Olusegun Ariyo

The Adjourned legal battle between the Federal Government and the Academic Union of Universities is set to resume as university students and their parents wait for bated Breath today Monday

 Recalls the Federal Government has filed the suit before the National Industrial Court, seeking an order of the court to compel the lecturers to resume work.

However, the Court adjourned the suit today, Monday, September 19 for a hearing of the interlocutory application of the Federal Government.

Some of the contentious issues that led to the strike by the union include the non-release of revitalization fund, earned academic allowance, renegotiation of the 2009 Agreement, the release of white paper on visitation panel, non-payment of minimum wage arrears and the inconsistency occasioned by the use of the Integrated Payroll and Personnel Information System, IPPIS.

The Court had previously adjourned the case twice. The first was September 16, but when the matter came up to be heard on the scheduled date, it was again adjourned by the court to September 19.

Justice Polycap Hamman said the adjournment was to enable both parties to file the necessary papers for the suit.

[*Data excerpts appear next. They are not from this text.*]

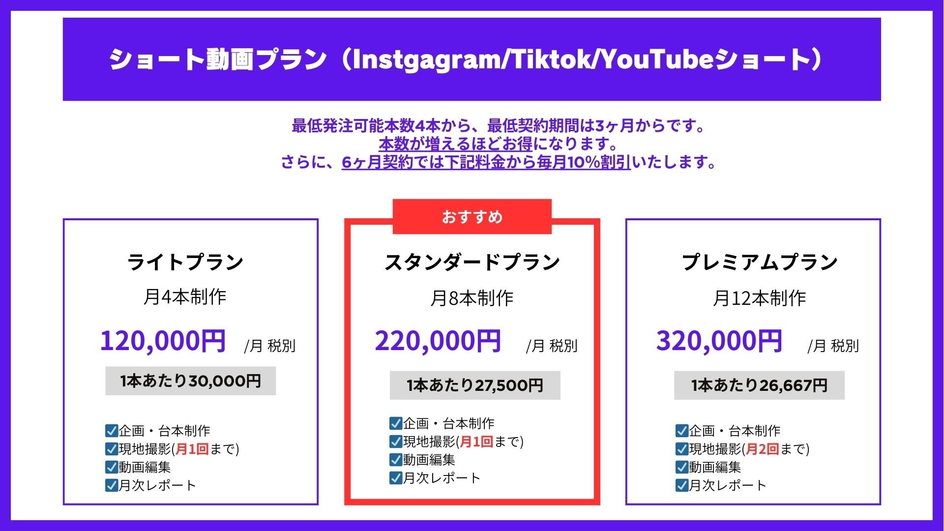 新プランには3つのメニューを用意しており、全て企画・撮影・編集・月次レポートを含み、1本3万円以下でご提供しております。
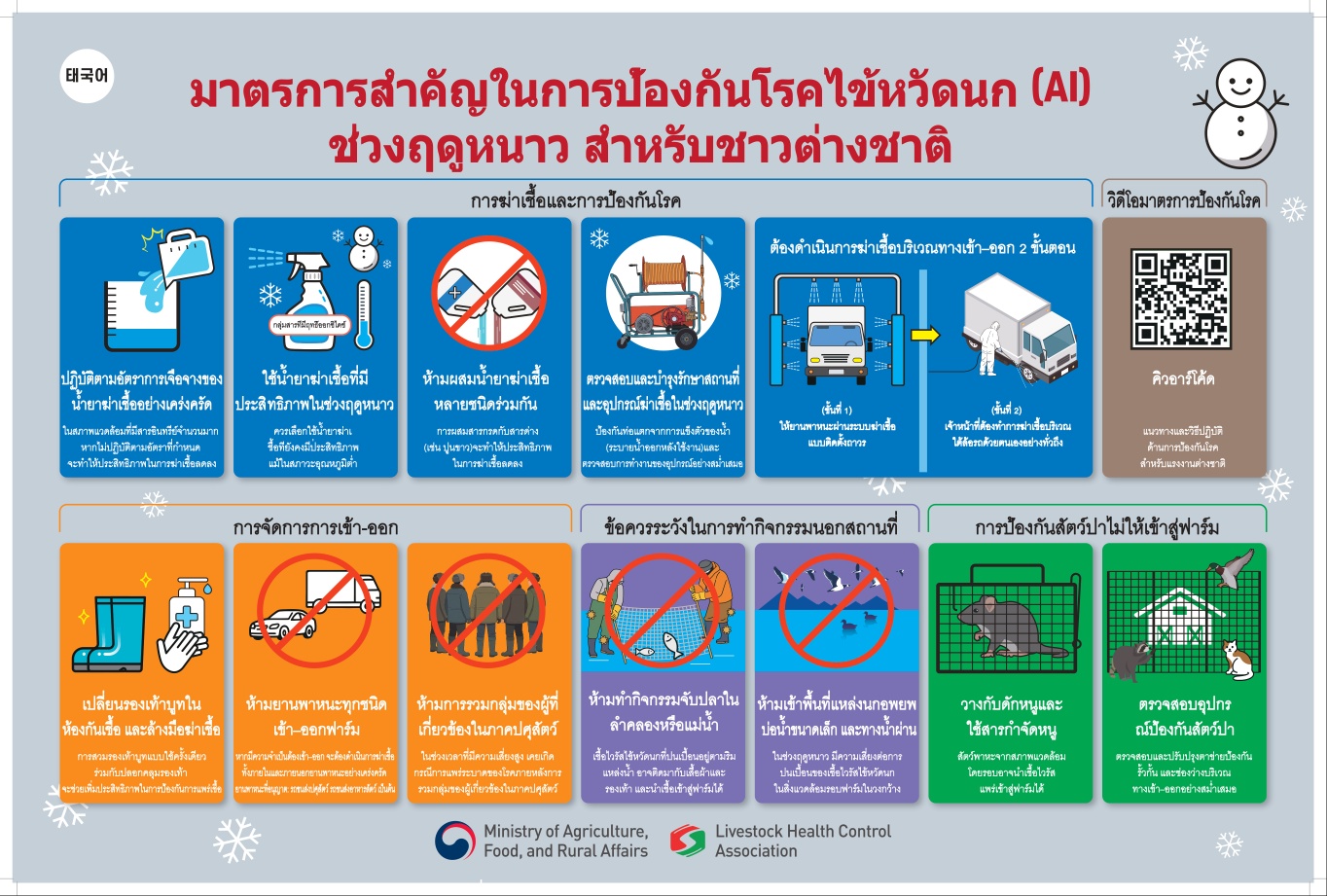 겨울철 농장 근로자 AI 핵심 예방수칙(외국어 및 한국어)
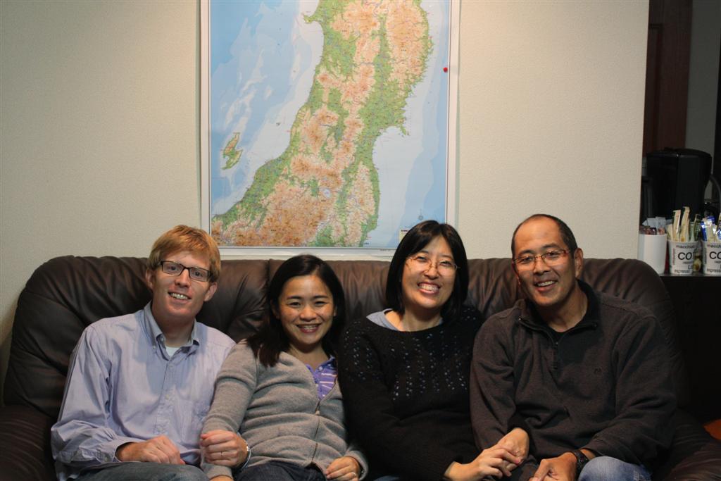 それから、私たちにとって大きな、良い知らせは、沖縄のカルバリー宜野湾で奉仕されていた宣教師夫妻である、チャックさんと由美さんが東松島に移り住み、教会開拓の幻を抱えて宣教活動を行うことです!(チャックさんと由美さんのブログ記事)すでに1日に東松島入りしてアパートを探しています。ぜひ住むところが見つかるようお祈りください。4-6日には、私たちと一緒に月浜の仮設住宅にて宿泊する予定です。(下の左側の男女です。右側はすでに沖縄から仙台に引っ越して奉仕をされている、ロイさん&ナンシーさん宣教師ご夫妻です。)
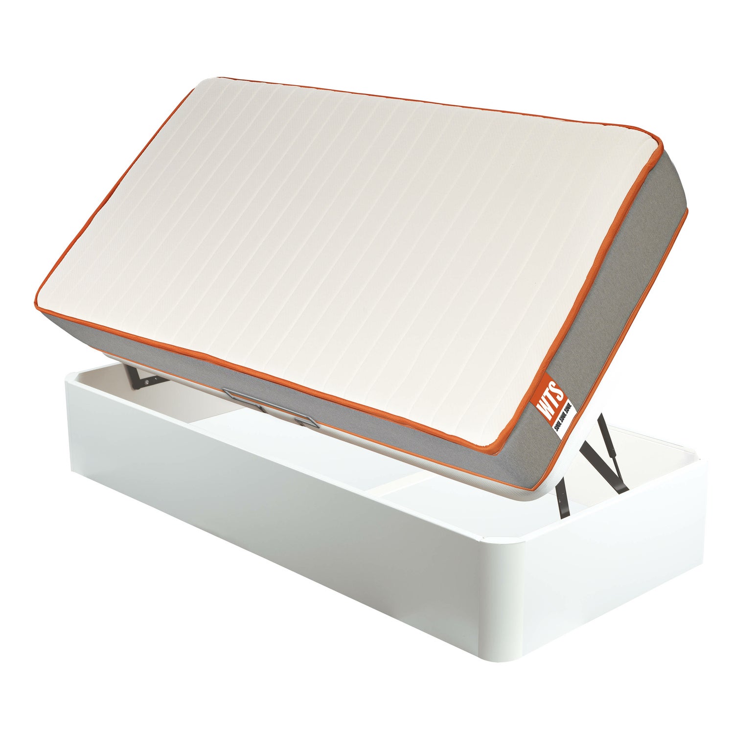 El canapé, con su práctico sistema de apertura lateral, facilita el acceso a un amplio compartimento interior, ideal para guardar ropa de cama, juguetes o maletas, incluso en espacios reducidos. Su estructura robusta no solo ofrece una amplia capacidad de almacenamiento, sino que también sirve como base estable, alargando la vida útil del colchón.
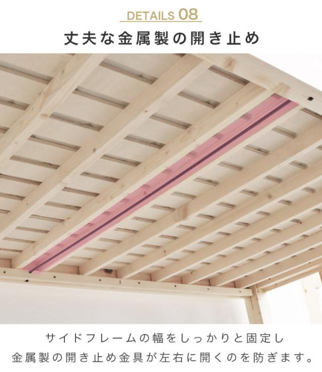 ベッドは一般的なシングルサイズで床板は通気性抜群のすのこ床板を使用。
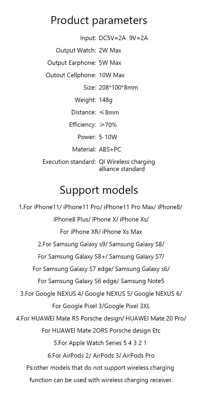 supporting device: | All QI wireless charging standard equipment. Suitable for all kinds of mobile phones and phones |
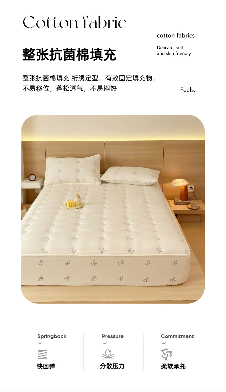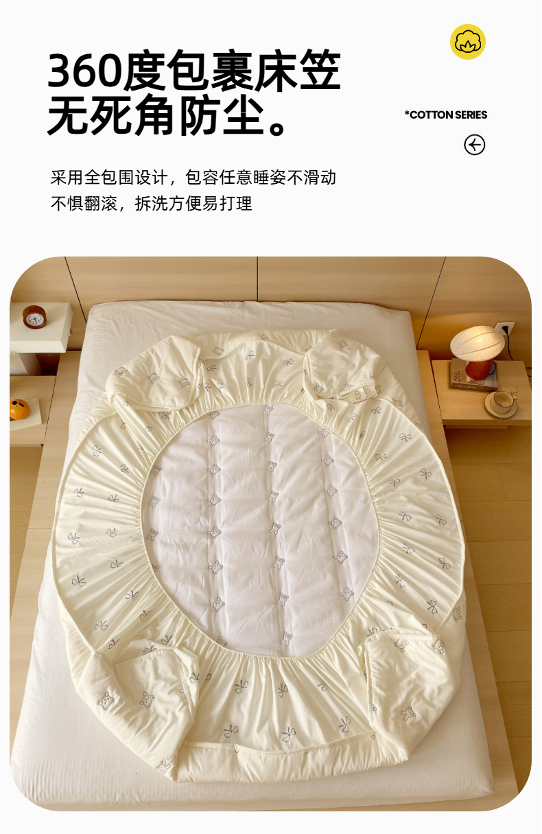尊康家纺(原磊科) 2024新款亲肤奶昔棉夹棉床裙-风雅 风雅-奶白,风雅-奶白

The counsel to FG, James Igwe, had earlier asked the court to give the suit an accelerated hearing due to the urgency of the matter to enable the students to return to school.

Igwe told the court that since the matter was already in court, it would be proper for the strike to be called off, pending the determination of the suit.

As it is always said, when two elephants fight, the grass suffers. In this case, both the students and their parents/guardians have been at the receiving end of this action.

Most of the respondents, who spoke to newsmen, expressed their disapproval of the FG’s decision, a similar stand taken by the Catholic Bishops’ Conference of Nigeria, which faulted the FG for going to court.

Mr Raheem Saheed who recently lost his job as a banker after sixteen years of service said that all he wanted was to see his two Sons make it to the university, but the dream is receding quickly in his own eyes.

He lamented the mental depression his daughters had been passing through since the strike.

“I don’t expect anything positive to come out of it, it’s just a delay tactic by the government to buy time, seeing that it can’t meet the union’s demands. I don’t see any chance of making progress from here.

“My daughter has been at home for more than seven months waiting to resume as a first-year student but it seems the wait may linger till another year.

“It is just too much for her to bear the brunt of a failed government which cares less about its subjects”, she said.